Work task:
Images should not appear in the copy, yet every line of the listing below must be printed exactly.
** Opening Given information block **
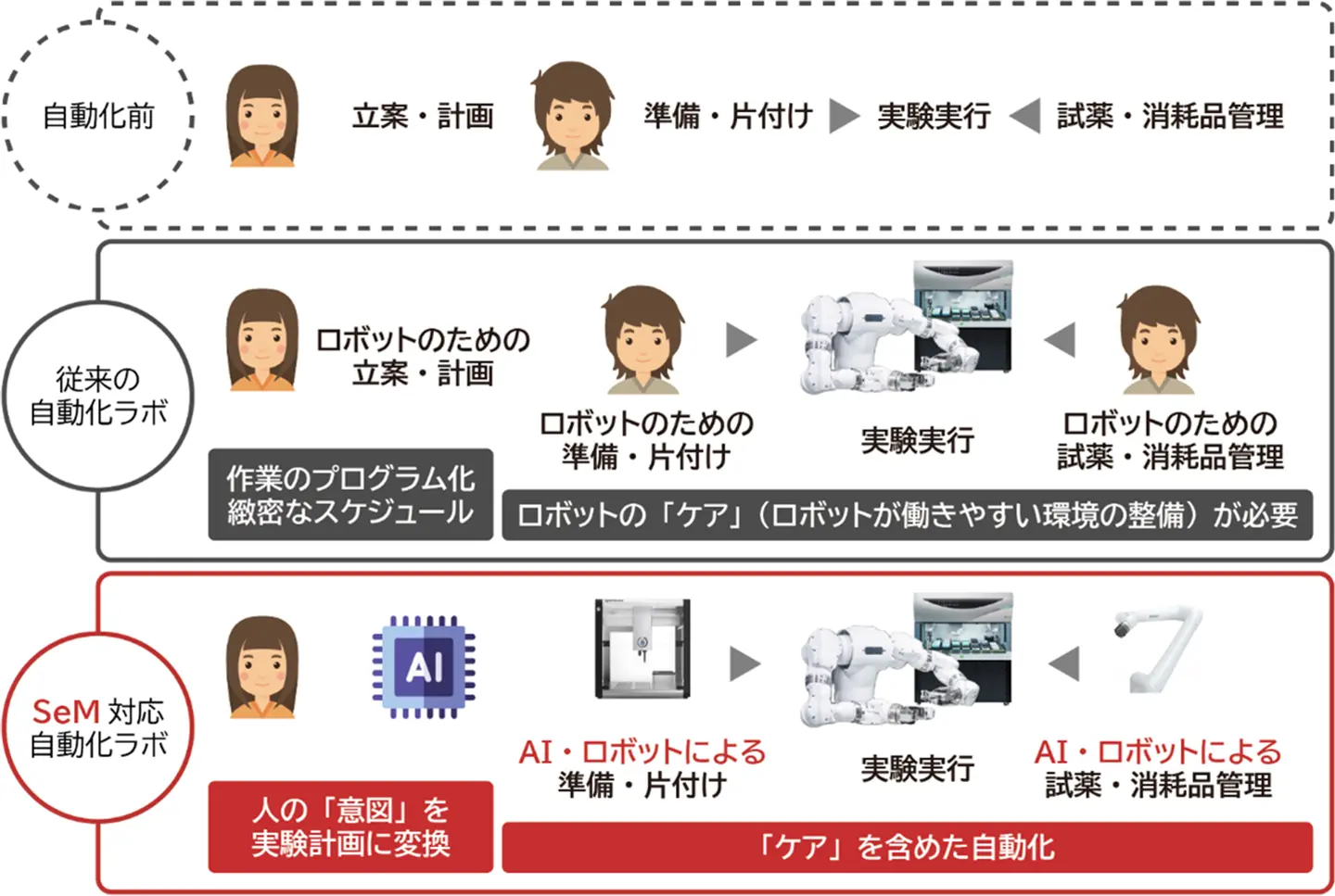 従来の自動化ラボ(左)では「自動化」の範囲とされていなかった実験システムへの試薬・消耗品出入りや、想定外の撹乱(かくらん)に対して、SeM対応ラボ(右)は自身の状態を把握し対応する能力を持つ。
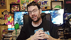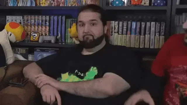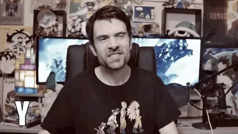 Joueur du Grenier reacts with an 'Oh my god...' expression while sitting in front of computer monitors.
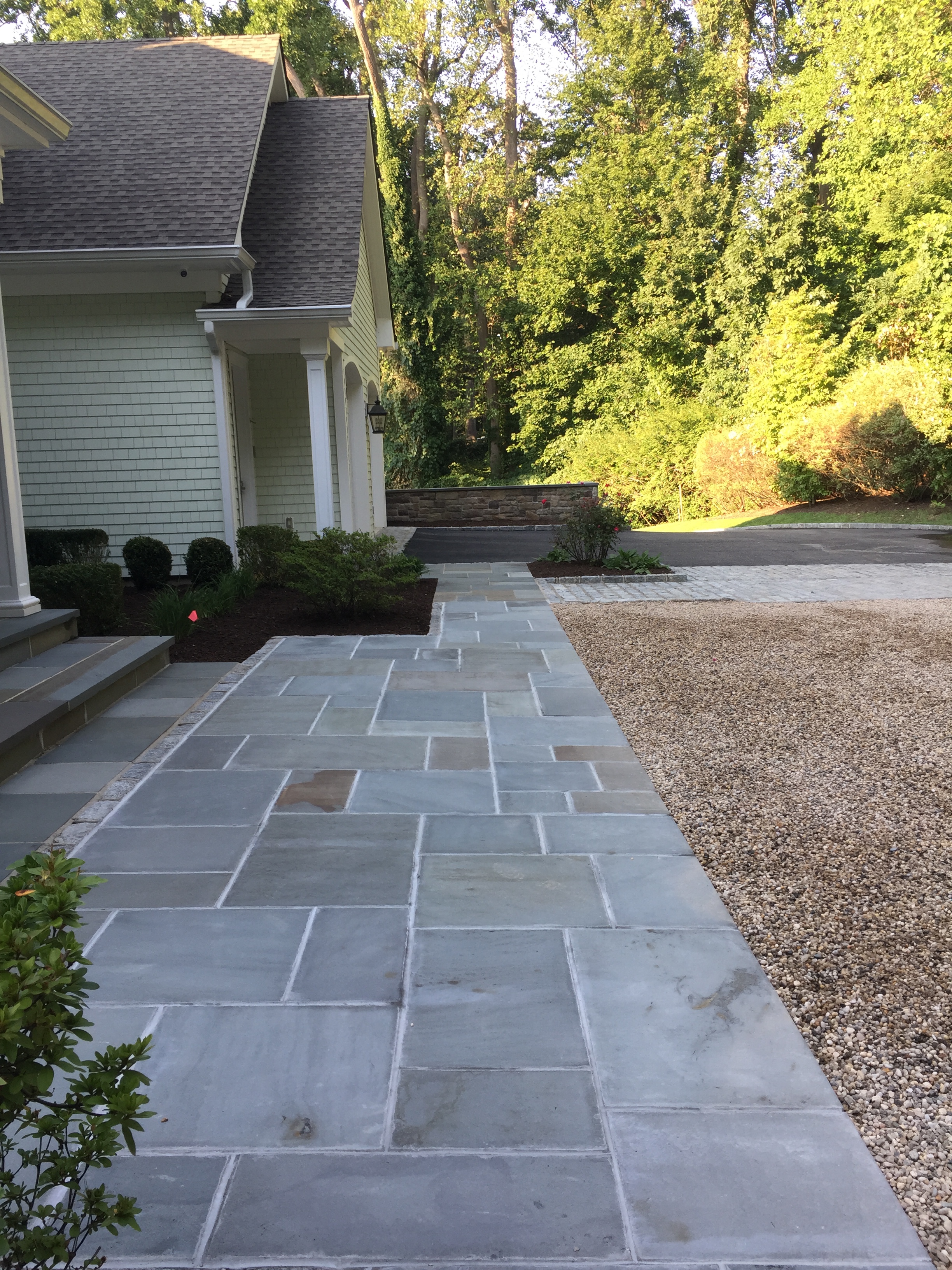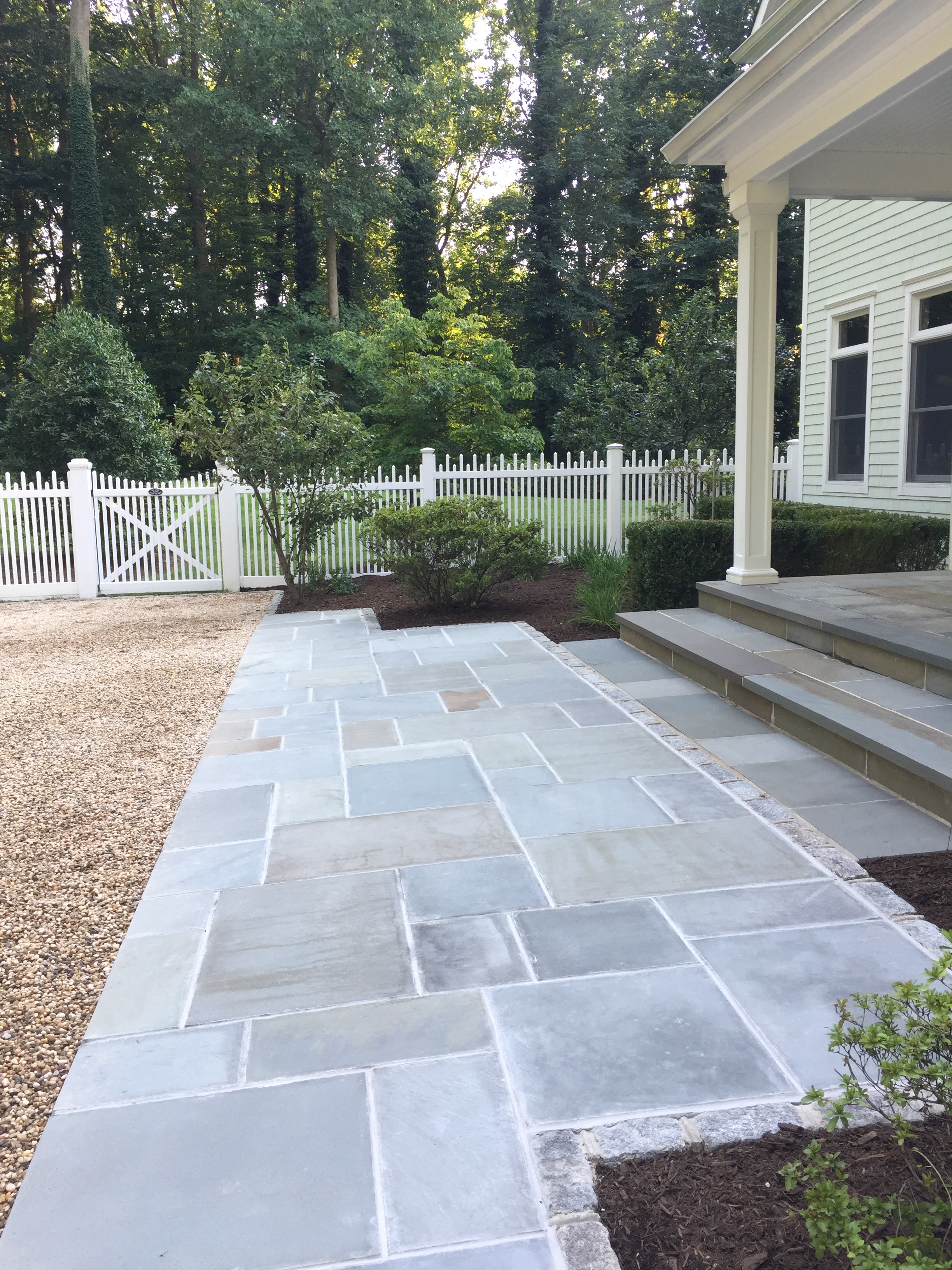 With the white fence in, the hard scape seems fairly complete. Next I’d like to rip out the boxwoods surrounding the courtyard as they’re not very happy. This is the one area I’d like to see fairly formal. I’m looking to take everything out (except the small tree) on either side of the stoop under the windows. The plan is a backdrop of blue and white hydrangeas. Some of them in bush form and a few tree standards to play with elevation. Next put a dwarf hedge a foot or so in from the Belgian block pavers. That way I can do white annuals and dusty miller in front. I will drop containers here and there. Hoping for a real Hamptons/Cape Cod vibe!
** Closing Given information block **
Response:
 従来の自動化ラボ(左)では「自動化」の範囲とされていなかった実験システムへの試薬・消耗品出入りや、想定外の撹乱(かくらん)に対して、SeM対応ラボ(右)は自身の状態を把握し対応する能力を持つ。
 Joueur du Grenier reacts with an 'Oh my god...' expression while sitting in front of computer monitors.
 With the white fence in, the hard scape seems fairly complete. Next I’d like to rip out the boxwoods surrounding the courtyard as they’re not very happy. This is the one area I’d like to see fairly formal. I’m looking to take everything out (except the small tree) on either side of the stoop under the windows. The plan is a backdrop of blue and white hydrangeas. Some of them in bush form and a few tree standards to play with elevation. Next put a dwarf hedge a foot or so in from the Belgian block pavers. That way I can do white annuals and dusty miller in front. I will drop containers here and there. Hoping for a real Hamptons/Cape Cod vibe!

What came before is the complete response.